Moreover, tribes will be able to veto the mining of minerals such as gold that the government holds in reserve — or come to some financial arrangement (what changes?) with a mining company.
It is simply duplicitous and utterly untrue for the Key government policy-makers to claim all New Zealanders will still have equal rights to these areas.
Allowing tribal cliques to seek through the courts recognition of what would in fact be property rights (under another name) over areas they never owned as property, sells out everybody else’s entitlement.
The National Party is no doubt chuckling at its cleverness in confining these to tribes which have had “exclusive” use of seabed and foreshore.
Their naivety is astonishing.
In every such negotiation that the government has conducted with tribal activists in recent years, it has been the government that has lost.

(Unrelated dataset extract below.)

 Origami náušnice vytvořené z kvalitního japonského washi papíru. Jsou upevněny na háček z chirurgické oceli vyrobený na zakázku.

So New Zealanders at large have lost.
It is a rich irony, too, that it is all other New Zealanders who end up, inevitably, paying for the tribes to research these claims – claims against New Zealanders obliged to pay for them to do so!
What will become alienated land should never have been removed from Crown ownership.

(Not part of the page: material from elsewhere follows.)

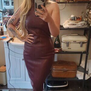 Lined faux leather, size 4-6us will comfortably fit, has good stretch If you're curvy. Hits just below knee on me and I'm 5'4, 36-26-38. Tags still on, simply tried on. Make an offer and get a new sexy date night dress. House of CB for exposure.. very classy modern look and faux leather is butter soft high quality. Fully lined.

For Hooton to claim that these tradeoffs for the radical Maori vote that John Key is overseeing will not jeopardize National’s re-election is Pollyanna territory.
Moreover, as an issue of fact, both John Key and Matthew Hooton need to take on board the fact that when Key declared “Maori are the tangata whenua * of this country and that we have nothing to fear by acknowledging that” they are wrong on both counts.

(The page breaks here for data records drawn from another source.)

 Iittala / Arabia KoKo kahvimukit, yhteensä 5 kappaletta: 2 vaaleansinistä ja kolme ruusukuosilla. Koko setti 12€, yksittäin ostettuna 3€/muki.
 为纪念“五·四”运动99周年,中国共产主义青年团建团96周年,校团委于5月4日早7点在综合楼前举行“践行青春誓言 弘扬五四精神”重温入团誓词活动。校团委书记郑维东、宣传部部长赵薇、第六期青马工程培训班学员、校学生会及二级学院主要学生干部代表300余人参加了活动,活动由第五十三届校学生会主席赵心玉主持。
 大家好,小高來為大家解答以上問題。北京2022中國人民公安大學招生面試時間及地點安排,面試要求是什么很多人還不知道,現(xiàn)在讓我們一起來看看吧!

Maori radicals are not only deliberately promoting the dangerous doctrine of separatism, even their non-existent “soverignty” — a radicalised attack on this country — but they have hijacked this term.
*As the early historians such as James Cowan, living among the Maori reported, the now constantly misused tangata whenua, meaning “the first people”, was the term that Maori themselves used when referring to the people they knew had come before them.
It did not, and does, not refer to the (part) Maori of today.
New Zealanders at large feel betrayed and ignored by the major parties pandering to a very small minority of those deliberately using racial issues for their own benefit — not for that of the country as a whole.
Self-interest, aided by the equal opportunism of both Labour and National, directed at vote-buying, has done a great deal of damage to this country since the radicalized 1960s.
What we badly need are politicians of principle — not political chicanery and the once-over-lightly commentary being supplied by the mainstream media.
Moreover, as there are apparently no longer any full-blooded Maori in existence today today, and as it is absurd for those who are well below even 50% genetically Maori to claim to be predominately Maori – the question of unfair and inappropriate compensation arises.
Up until 1974, the New Zealand government’s definition of Maori, reasonably enough, was confined to those with 50% or more Maori genetic inheritance.
It is absurd that even Statistics New Zealand have allowed a thoroughly unscientific definition of “emotionally” identifying as Maori as good enough for what should be a non-politicised, objective census definition – especially when one signpost points clearly to lucrative, race-based advantages and preferences for those who cannot possibly be argued to be, in reality, genetically Maori.
Both major political parties have let us down.
It is time to stop the handouts, the granting of special concessions and privileges, and to provide a clear definition of who is and who isn’t Maori — particularly in view of the fact that taxpayer money is at stake.
Without this definition it is simply irresponsible of the National government to continue to negotiate with supposedly Maori representatives who are basically nothing of the sort.
The line that John Key’s weak, vote-buying government should be drawing in the sand should be clearly labelled” Crown land — for all New Zealanders.